**The problem**
Write out exactly what each line says, starting with the first line below and ending on the one with "3. In the next".

(Beginning of Exercise input)

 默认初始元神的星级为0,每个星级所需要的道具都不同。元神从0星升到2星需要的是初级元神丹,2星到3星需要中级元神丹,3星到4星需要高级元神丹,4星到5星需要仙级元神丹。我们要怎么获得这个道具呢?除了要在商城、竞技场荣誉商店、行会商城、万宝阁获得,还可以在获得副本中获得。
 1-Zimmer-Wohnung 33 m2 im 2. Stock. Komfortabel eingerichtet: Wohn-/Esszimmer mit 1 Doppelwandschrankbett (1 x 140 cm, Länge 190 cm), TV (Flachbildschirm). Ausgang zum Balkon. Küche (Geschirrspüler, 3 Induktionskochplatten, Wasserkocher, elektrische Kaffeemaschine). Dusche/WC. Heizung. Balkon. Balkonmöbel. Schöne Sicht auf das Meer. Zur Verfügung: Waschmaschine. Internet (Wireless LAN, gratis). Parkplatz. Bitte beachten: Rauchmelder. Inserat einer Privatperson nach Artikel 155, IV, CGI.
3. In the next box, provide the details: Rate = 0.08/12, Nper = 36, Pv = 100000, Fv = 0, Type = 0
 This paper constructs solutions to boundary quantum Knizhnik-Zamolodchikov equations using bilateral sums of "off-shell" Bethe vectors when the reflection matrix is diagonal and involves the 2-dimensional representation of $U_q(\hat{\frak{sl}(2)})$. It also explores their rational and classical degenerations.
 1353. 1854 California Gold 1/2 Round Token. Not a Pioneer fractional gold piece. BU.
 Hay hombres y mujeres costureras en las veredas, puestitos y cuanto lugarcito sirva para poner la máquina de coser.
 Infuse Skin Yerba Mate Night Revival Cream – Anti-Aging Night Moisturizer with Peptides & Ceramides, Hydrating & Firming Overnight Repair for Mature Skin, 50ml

(End of Exercise input)

**Response to the task**
 默认初始元神的星级为0,每个星级所需要的道具都不同。元神从0星升到2星需要的是初级元神丹,2星到3星需要中级元神丹,3星到4星需要高级元神丹,4星到5星需要仙级元神丹。我们要怎么获得这个道具呢?除了要在商城、竞技场荣誉商店、行会商城、万宝阁获得,还可以在获得副本中获得。
 1-Zimmer-Wohnung 33 m2 im 2. Stock. Komfortabel eingerichtet: Wohn-/Esszimmer mit 1 Doppelwandschrankbett (1 x 140 cm, Länge 190 cm), TV (Flachbildschirm). Ausgang zum Balkon. Küche (Geschirrspüler, 3 Induktionskochplatten, Wasserkocher, elektrische Kaffeemaschine). Dusche/WC. Heizung. Balkon. Balkonmöbel. Schöne Sicht auf das Meer. Zur Verfügung: Waschmaschine. Internet (Wireless LAN, gratis). Parkplatz. Bitte beachten: Rauchmelder. Inserat einer Privatperson nach Artikel 155, IV, CGI.
3. In the next box, provide the details: Rate = 0.08/12, Nper = 36, Pv = 100000, Fv = 0, Type = 0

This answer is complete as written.